Melihat ekspresi Doni saat ini sungguh menggemaskan baginya, tampak seperti anak kecil yang malu-malu. Ia sungguh tak menyangka kakak kelas dihadapannya sangat penurut dengan ibunya.

Rena menatap tangan Doni yang bertengger di ujung bajunya, ada ide yang terlintas di otak Rena.

"Oke deh, Ya udah yuk masuk."

"Eh, gue tunggu di sini aja. Lo aja yang beli. "

"Loh, kan abang yang di suruh. Nanti biar Rena yang bayar dikasir. Kalau gak mau, ya udah Rena ke pasar aja nih."

"Eh jangan-jangan. Ya udah, ayo masuk."

Mereka berdua pun masuk ke Indomart. Setelah sampai di rak berjejer merek-merek pembalut, Rena menyuruh Doni untuk memilih pembalut.

"Jadi, Tante mau beli pembalut yang mana, yang pakai sayap atau yang biasa, atau yang tipis, lebar?"

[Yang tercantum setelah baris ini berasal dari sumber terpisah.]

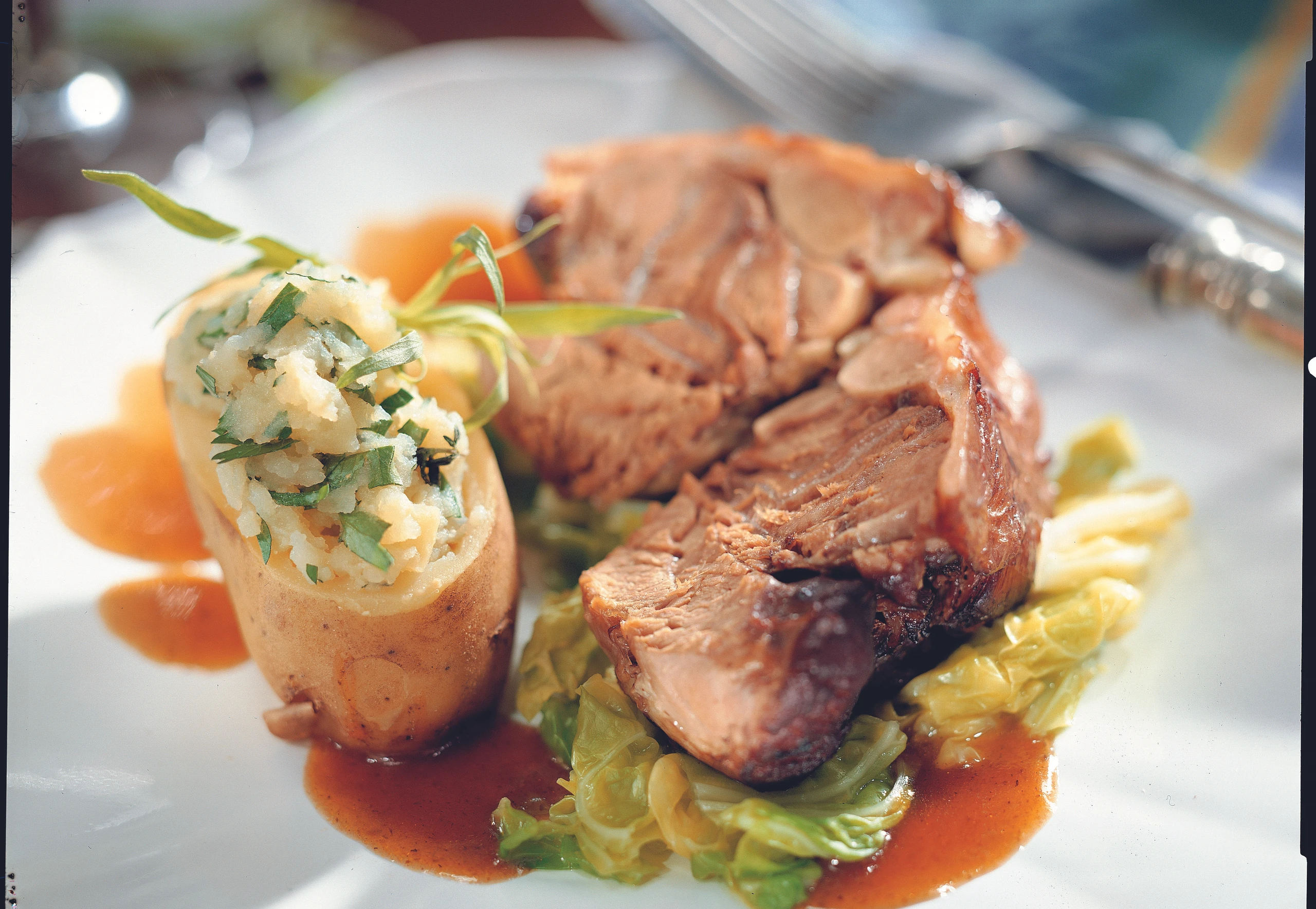 Geschmorte Schweinsstelze mit Erdäpfeln und Kohl

Doni menggaruk tengkuknya tampak bingung. Ia menundukkan wajahnya karena malu. Mereka berdua nampak seperti sepasang kekasih. Doni seperti menemani pacarnya membeli pembalut.

"Baru tau pembalut punya sayap juga? Lo aja yang pilihkan gue gak tau yang kaya ginian."

"Emang Tante Sindy gak bilang mau beli pembalut yang merek apa?"

"Enggak."

Rena menghembuskan nafas kasar.

"Ya udah, aku ambil yang ini ya."
Rena pun akhirnya mengambil pembalut yang bersayap.

"Abang aja gih yang bayar. "

Doni melotot, bola matanya seperti hendak keluar dari tempatnya.

"Heh nggak-nggak, mampir ke rak pembalut aja gue malu banget. Apa lagi ke kasirnya bawa pembalut. Lo aja deh gue malu."

Rena terkikik geli melihat ekspresi kakak kelasnya. Iapun segera menuju kasir.

Setelah selesai dengan pembayaran dikasir mereka pun segera menuju parkiran.

"Ren, makasih ya."

Doni nampak bernafas lega, akhirnya tugas yang diberikan bundanya selesai juga. Rena membalas dengan anggukan.

"Ya udah bang, Rena berangkat dulu ya."

"Iya. Sekali lagi makasih."

Motor yang dipakai Rena pun berjalan meninggalkan Doni dengan sisa asap motor yang tertinggal.